Best data structure for sensor data

Hello everyone,

We are setting up a cluster for collecting of IoT/sensor data. And I'm not sure what is the best structure for this kind of data. The simplest way would be to use single index for all similar (numeric) data sources and structure data in few fixed fields:

  • timestamp
  • measure_point_location
  • value
  • unit_code
  • some_meta_data

The other option would be to use field name as measure point location and therefore split data in multiple indexes by area, sensor type or other rule:

  • timestamp
  • room_01_temerature_01
  • room_01_temerature_02
  • room_02_temerature_01
  • room_02_temerature_02
  • room_01_humidity_01
  • room_01_humidity_02
  • ...

The goal is to create different kinds of visualizations in Kibana.
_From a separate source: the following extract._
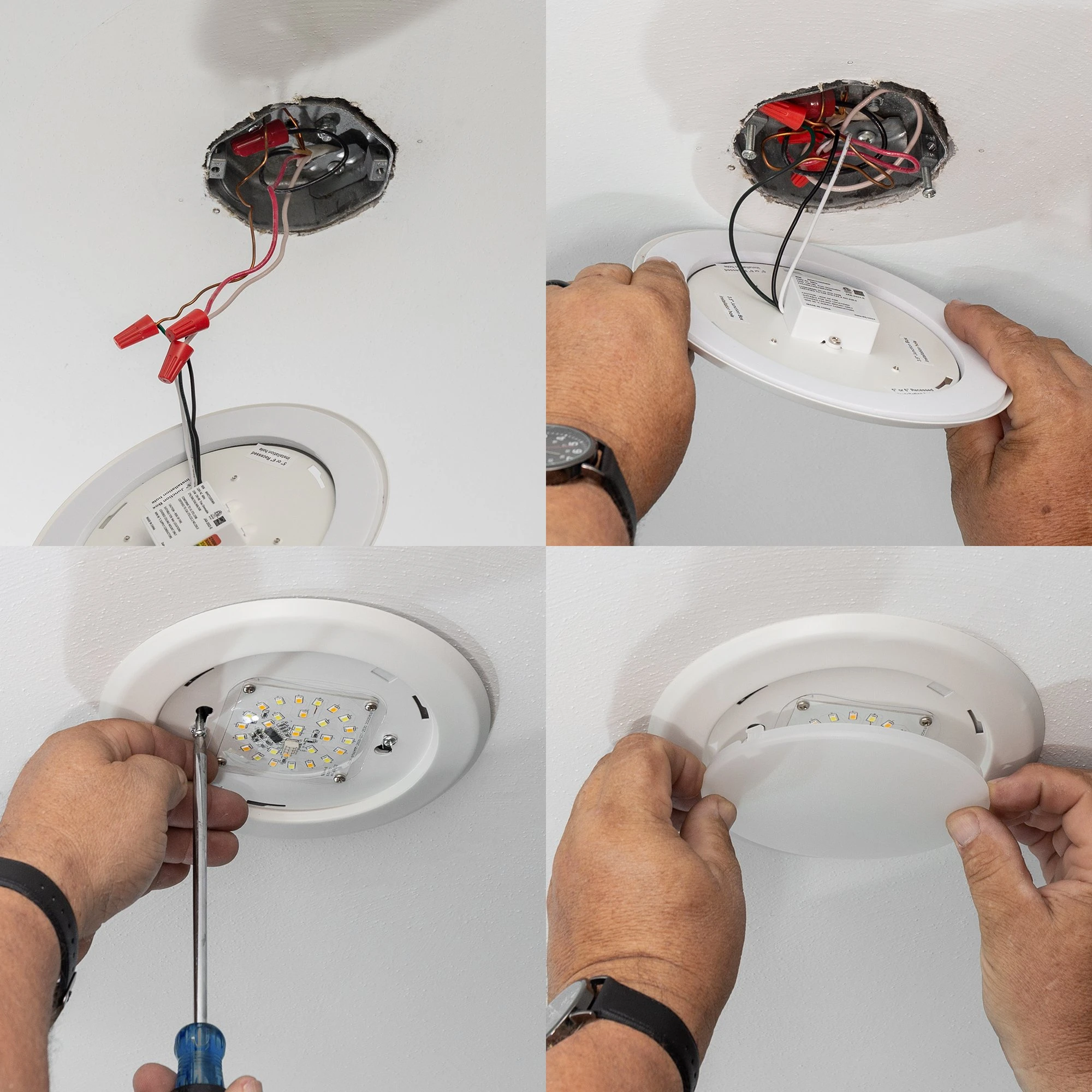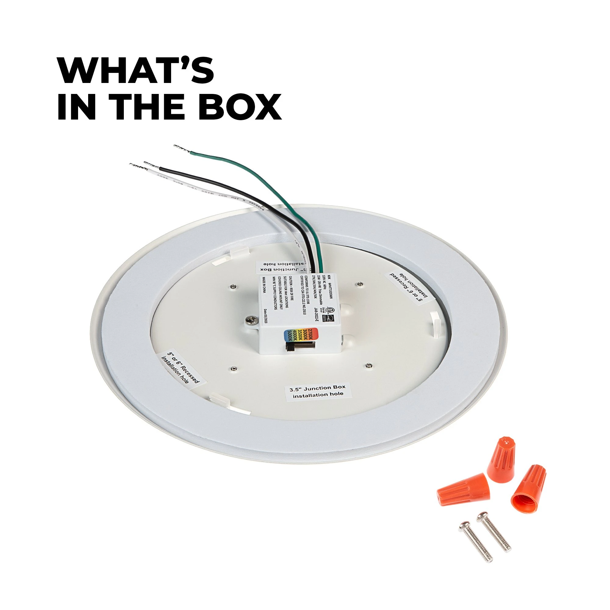 The 7″ 15W LED flush mount downlight features a selectable color temperature letting you match the light to your new or existing lighting design. A simple switch lets you choose 2700K, 3000K, 3500K, 4000K, or 5000K during installation. The dimmable 15-watt ceiling light is equivalent to a 75W halogen delivering up to 1,125 lumens. A round polycarbonate lens diffuses light for even illumination. Ideal for new construction and remodeling applications. Use the included bracket and hardware to flush mount to a surface or junction box in your kitchen, bathroom, or hallway.Â

Which option is more suitable for that?



Hi @allatrue Welcome to the community!

Of course there's many many details to any one use case.

Personally, I like the first structure.

It will allow easier aggregations and filtering across any of the dimensions.

I'm not a big fan of doing the concatenating of field names I see potential issue as those grow and complexity It also limits your ability to do easier filtering and aggregations.

That's just my high level view.

I would certainly test


This topic was automatically closed 28 days after the last reply. New replies are no longer allowed.